LISTED RECORDS:

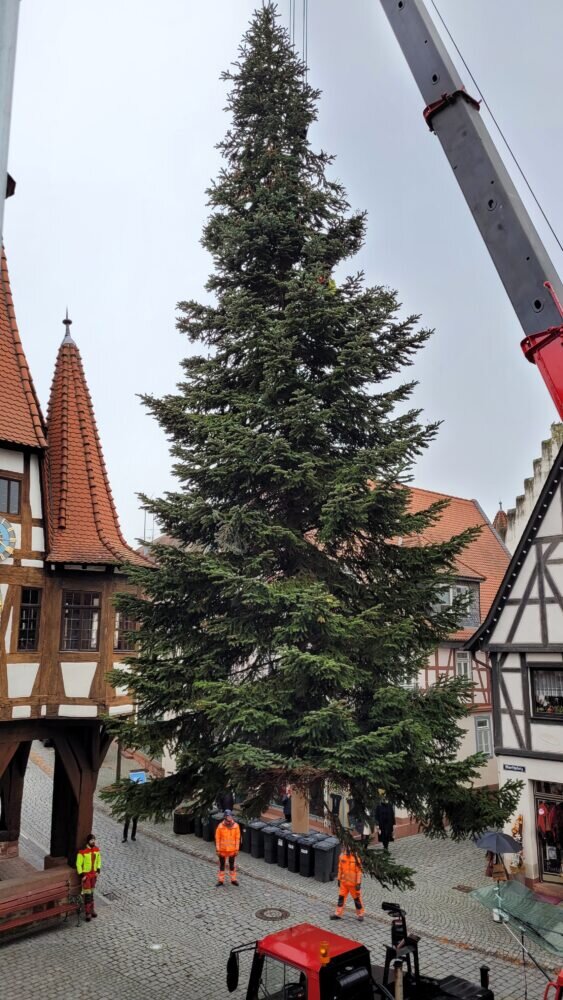 Michelstadt. Der Baum für den Weihnachtsmarkt in Michelstadts Innenstadt ist seit Donnerstagmorgen, 16. November, aufgestellt.
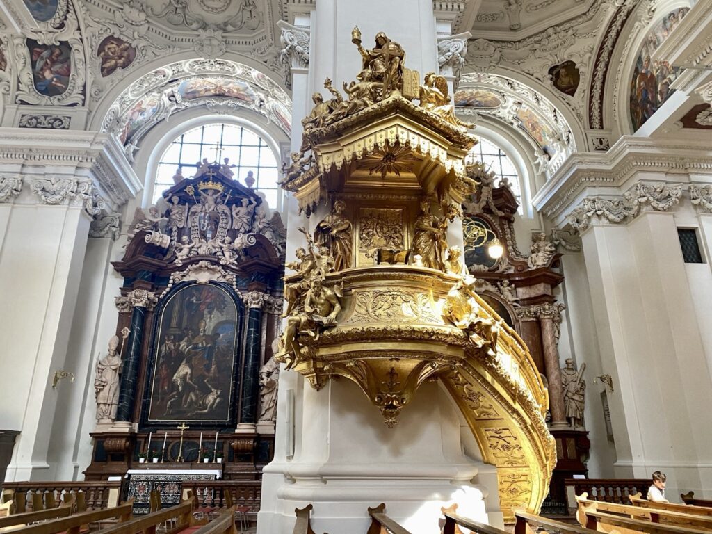 Vor allem der Dom quillt über von Skulpturen, Verzierungen und Malereien im Stil des italienischen Barocks. Und ist Vorbild für viele Kirchen in Bayern.
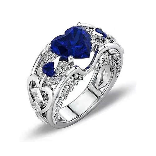 anello da donna con pietra preziosa a forma di cuore rosso e fascia placcata in argento: elegante gioiello per regalo di Natale e occasioni festive
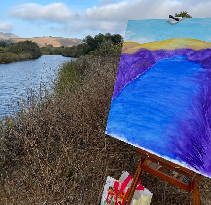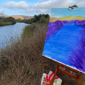Hi All, I’m a California landscape painter working in oils. I work primarily in Plein air approach on square formats. I also love conveying mystery and whimsy and often paint birds, rabbits, cats, and dogs at play. I am drawn to the coastal hills and majestic oaks and have spent a lot of time out in Point Reyes over the pandemic. Paths are also a favorite theme.
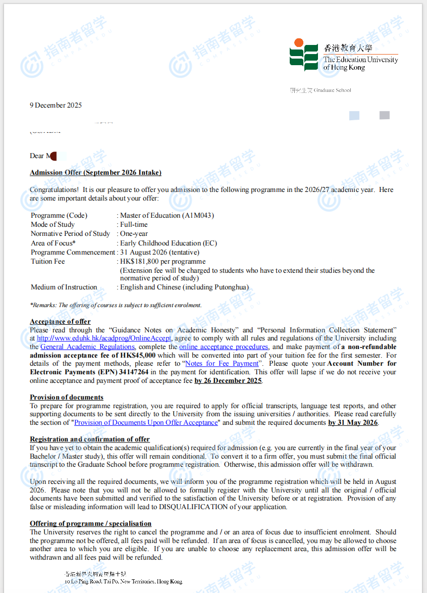 香港教育大學(xué)教育學(xué)碩士研究生offer一枚

TASK REQUIREMENTS: Copy nothing but the lines above from the one with "Vor allem der" to the one with "anello da donna", inclusive, word for word. Leave every picture out.

WRITTEN REPLY:
 Vor allem der Dom quillt über von Skulpturen, Verzierungen und Malereien im Stil des italienischen Barocks. Und ist Vorbild für viele Kirchen in Bayern.
 anello da donna con pietra preziosa a forma di cuore rosso e fascia placcata in argento: elegante gioiello per regalo di Natale e occasioni festive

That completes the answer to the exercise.